Le gouvernement turc a annoncé la semaine dernière que les États-Unis enverraient deux navires de guerre en mer Noire cette semaine en raison du renforcement des forces militaires russes le long de la frontière ukrainienne.

Les navires devraient arriver mercredi ou jeudi et resteront en mer Noire jusqu’au 4 mai.

La Russie a annexé la Crimée à l’Ukraine en 2014. Les combats entre les séparatistes soutenus par Moscou et les soldats ukrainiens ont repris le mois dernier, mettant fin à un cessez-le-feu qui avait été conclu par les deux groupes l’été dernier.

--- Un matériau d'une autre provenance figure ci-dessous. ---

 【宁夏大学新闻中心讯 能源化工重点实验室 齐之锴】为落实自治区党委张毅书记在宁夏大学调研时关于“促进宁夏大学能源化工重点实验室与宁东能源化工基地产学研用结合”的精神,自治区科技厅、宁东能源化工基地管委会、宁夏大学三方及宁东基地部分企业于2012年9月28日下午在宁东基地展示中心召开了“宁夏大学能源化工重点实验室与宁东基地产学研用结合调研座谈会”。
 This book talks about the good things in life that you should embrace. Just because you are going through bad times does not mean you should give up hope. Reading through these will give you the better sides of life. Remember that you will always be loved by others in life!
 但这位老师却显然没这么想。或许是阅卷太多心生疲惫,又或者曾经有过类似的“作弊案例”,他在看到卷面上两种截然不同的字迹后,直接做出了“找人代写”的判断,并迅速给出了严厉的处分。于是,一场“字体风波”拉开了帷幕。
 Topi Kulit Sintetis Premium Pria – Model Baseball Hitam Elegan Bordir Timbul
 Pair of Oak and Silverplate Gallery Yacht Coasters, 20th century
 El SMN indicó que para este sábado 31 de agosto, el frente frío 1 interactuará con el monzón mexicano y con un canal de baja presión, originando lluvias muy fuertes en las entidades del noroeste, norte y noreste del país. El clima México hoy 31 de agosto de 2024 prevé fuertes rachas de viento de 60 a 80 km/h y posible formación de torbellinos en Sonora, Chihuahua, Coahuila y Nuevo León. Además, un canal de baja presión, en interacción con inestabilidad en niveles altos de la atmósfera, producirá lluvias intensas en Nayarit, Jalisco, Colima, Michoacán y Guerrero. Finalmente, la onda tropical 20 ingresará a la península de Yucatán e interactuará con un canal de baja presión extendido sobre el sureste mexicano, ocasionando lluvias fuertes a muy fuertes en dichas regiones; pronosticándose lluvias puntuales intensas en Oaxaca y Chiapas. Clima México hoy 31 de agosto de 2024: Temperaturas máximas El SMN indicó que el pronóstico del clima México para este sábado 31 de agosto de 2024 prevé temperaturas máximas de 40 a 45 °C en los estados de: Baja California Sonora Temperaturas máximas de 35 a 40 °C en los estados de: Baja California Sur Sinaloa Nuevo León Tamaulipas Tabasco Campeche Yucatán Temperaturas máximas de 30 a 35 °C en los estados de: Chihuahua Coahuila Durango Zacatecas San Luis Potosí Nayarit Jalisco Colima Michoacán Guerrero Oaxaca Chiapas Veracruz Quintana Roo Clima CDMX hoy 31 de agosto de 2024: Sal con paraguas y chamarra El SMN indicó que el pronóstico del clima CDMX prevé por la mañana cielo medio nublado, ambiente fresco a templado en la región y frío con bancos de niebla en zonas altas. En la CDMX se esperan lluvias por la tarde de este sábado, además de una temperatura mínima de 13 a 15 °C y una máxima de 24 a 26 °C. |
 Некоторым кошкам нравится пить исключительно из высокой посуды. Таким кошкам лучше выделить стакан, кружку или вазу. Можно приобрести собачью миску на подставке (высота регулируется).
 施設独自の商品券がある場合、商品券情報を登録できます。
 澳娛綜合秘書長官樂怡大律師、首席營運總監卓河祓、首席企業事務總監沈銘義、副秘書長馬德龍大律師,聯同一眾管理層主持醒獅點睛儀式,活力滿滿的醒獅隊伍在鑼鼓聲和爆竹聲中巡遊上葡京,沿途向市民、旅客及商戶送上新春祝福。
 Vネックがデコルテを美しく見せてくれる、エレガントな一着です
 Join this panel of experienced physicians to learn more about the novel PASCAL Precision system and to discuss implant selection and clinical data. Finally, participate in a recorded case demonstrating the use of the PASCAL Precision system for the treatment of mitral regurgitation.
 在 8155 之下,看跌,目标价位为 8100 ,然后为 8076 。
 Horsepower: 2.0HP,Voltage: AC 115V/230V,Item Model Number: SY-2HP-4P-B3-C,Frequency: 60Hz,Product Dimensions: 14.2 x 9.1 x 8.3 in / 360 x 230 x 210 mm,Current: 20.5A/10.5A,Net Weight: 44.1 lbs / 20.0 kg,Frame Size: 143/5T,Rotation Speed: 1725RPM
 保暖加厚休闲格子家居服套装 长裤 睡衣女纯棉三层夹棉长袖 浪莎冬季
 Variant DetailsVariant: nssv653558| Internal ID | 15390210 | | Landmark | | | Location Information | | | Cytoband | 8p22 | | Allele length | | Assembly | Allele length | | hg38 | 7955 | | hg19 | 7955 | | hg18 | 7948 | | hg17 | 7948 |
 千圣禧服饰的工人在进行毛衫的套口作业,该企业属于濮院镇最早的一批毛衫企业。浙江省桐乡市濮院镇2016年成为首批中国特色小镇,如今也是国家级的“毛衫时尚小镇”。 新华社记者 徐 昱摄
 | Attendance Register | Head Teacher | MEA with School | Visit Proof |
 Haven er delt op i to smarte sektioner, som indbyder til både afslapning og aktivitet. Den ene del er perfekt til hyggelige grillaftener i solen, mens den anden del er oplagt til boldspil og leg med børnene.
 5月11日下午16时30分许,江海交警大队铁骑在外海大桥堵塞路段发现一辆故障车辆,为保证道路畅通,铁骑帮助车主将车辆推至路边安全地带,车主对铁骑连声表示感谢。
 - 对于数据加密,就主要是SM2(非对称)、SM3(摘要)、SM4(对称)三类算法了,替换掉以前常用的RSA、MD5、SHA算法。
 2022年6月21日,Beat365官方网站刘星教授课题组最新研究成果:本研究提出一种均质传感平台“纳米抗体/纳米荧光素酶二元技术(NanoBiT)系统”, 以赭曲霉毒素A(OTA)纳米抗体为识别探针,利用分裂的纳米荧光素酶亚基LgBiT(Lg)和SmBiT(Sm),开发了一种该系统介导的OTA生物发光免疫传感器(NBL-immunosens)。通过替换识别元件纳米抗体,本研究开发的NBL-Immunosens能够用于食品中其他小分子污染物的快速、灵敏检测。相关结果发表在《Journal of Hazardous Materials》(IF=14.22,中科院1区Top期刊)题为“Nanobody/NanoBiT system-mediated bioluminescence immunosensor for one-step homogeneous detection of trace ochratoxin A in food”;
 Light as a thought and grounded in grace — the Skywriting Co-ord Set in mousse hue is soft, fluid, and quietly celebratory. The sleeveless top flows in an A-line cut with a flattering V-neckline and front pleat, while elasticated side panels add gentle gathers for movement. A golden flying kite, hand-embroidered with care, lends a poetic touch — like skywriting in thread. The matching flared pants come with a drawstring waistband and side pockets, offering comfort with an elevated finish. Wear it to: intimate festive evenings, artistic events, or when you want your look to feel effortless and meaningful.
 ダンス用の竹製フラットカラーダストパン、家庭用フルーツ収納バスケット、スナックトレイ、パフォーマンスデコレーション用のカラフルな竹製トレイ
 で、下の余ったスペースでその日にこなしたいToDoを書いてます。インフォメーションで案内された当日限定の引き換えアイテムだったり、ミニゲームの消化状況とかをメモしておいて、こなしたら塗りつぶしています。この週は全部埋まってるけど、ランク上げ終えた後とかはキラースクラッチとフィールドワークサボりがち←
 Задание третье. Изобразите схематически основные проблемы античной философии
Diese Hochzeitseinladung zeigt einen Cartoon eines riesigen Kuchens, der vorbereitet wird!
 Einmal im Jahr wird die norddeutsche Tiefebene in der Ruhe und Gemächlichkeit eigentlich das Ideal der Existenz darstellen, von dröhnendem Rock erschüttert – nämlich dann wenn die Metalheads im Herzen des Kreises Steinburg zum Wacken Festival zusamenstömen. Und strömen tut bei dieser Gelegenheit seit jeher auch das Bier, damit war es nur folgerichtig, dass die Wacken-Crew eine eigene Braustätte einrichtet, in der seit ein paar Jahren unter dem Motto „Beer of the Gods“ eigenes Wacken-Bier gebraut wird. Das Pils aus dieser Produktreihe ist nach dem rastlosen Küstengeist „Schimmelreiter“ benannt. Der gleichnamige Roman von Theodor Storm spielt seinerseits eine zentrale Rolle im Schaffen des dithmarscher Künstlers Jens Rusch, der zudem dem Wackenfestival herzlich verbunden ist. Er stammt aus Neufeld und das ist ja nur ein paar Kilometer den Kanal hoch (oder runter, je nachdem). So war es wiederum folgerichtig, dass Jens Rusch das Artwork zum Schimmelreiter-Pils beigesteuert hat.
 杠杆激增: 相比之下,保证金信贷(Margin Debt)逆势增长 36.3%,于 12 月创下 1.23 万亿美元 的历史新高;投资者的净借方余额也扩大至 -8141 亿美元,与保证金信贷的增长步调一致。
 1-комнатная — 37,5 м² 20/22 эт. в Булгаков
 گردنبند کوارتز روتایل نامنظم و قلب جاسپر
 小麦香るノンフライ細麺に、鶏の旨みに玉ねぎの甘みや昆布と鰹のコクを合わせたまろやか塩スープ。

Les ministres des Affaires étrangères du Groupe des Sept (G-7) ont publié lundi une déclaration appelant la Russie à « cesser ses provocations » à la frontière entre l’Ukraine et la Russie.

« Nous appelons la Russie à cesser ses provocations et à désamorcer immédiatement les tensions conformément à ses obligations internationales », peut-on lire dans la déclaration des ministres des Affaires étrangères du G-7.

« En particulier, nous appelons la Russie à respecter les principes et les engagements de l’OSCE auxquels elle a souscrit en matière de transparence des mouvements militaires et à répondre à la procédure établie au titre du chapitre III du Document de Vienne », ajoute-t-elle, en référence à l’Organisation pour la sécurité et la coopération en Europe.